* **What is expected**:
Please reproduce the entries below exactly from the line holding "民族ダンス スパンコール 古典ダンス衣装" through the last line, both included, and omit any pictures.

Recorded data
((

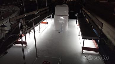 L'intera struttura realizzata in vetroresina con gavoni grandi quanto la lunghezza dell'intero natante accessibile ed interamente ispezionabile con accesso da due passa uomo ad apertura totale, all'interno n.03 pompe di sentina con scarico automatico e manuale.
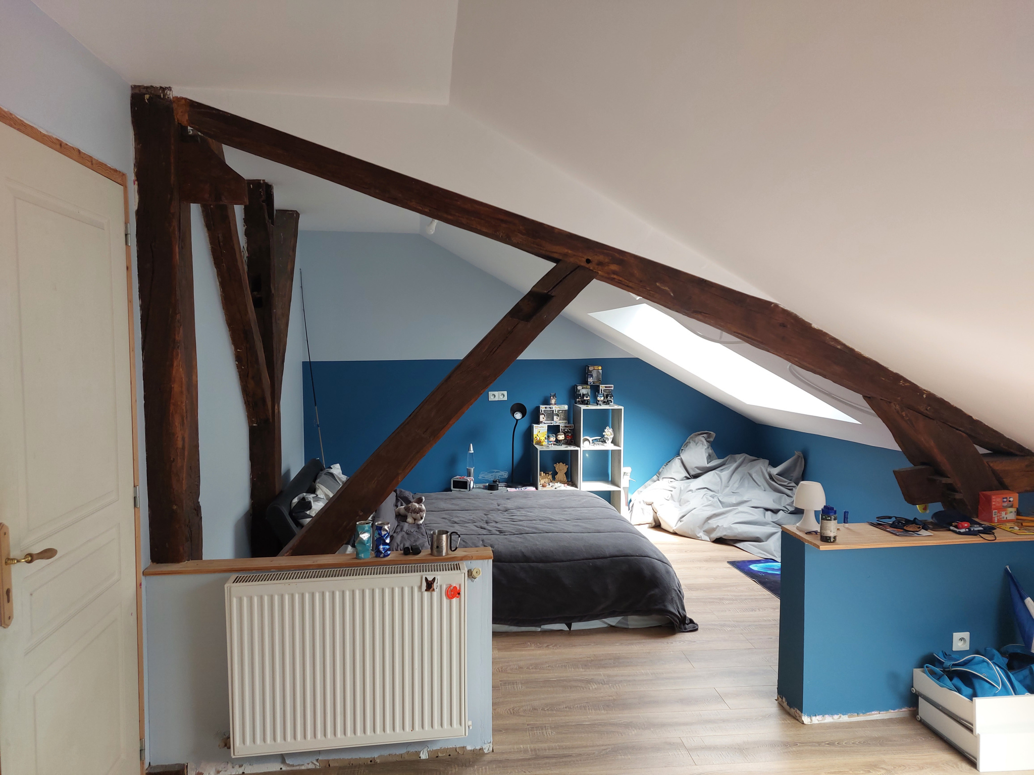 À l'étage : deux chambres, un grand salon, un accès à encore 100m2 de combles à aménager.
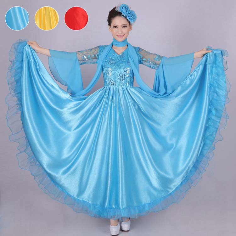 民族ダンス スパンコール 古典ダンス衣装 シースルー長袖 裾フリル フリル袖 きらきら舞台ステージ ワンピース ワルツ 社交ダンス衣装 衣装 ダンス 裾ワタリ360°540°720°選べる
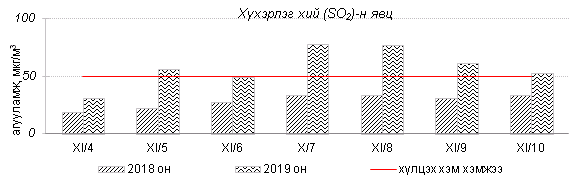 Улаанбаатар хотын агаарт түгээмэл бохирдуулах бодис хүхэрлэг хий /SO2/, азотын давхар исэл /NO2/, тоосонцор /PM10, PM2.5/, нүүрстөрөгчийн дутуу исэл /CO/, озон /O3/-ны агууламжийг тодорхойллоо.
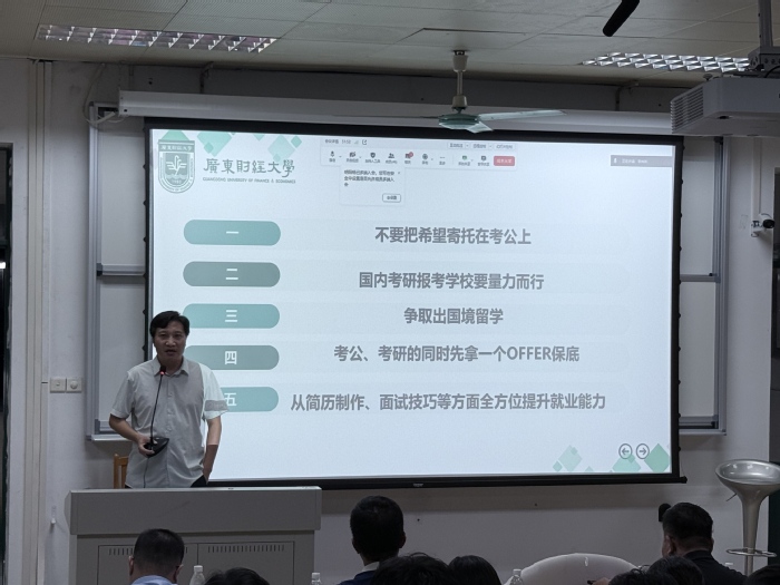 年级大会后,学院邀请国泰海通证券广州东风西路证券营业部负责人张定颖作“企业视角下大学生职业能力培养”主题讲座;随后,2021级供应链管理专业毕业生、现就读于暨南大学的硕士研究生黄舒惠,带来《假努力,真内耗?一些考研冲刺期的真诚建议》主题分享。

))

* **Answer below**:
 民族ダンス スパンコール 古典ダンス衣装 シースルー長袖 裾フリル フリル袖 きらきら舞台ステージ ワンピース ワルツ 社交ダンス衣装 衣装 ダンス 裾ワタリ360°540°720°選べる
 Улаанбаатар хотын агаарт түгээмэл бохирдуулах бодис хүхэрлэг хий /SO2/, азотын давхар исэл /NO2/, тоосонцор /PM10, PM2.5/, нүүрстөрөгчийн дутуу исэл /CO/, озон /O3/-ны агууламжийг тодорхойллоо.
 年级大会后,学院邀请国泰海通证券广州东风西路证券营业部负责人张定颖作“企业视角下大学生职业能力培养”主题讲座;随后,2021级供应链管理专业毕业生、现就读于暨南大学的硕士研究生黄舒惠,带来《假努力,真内耗?一些考研冲刺期的真诚建议》主题分享。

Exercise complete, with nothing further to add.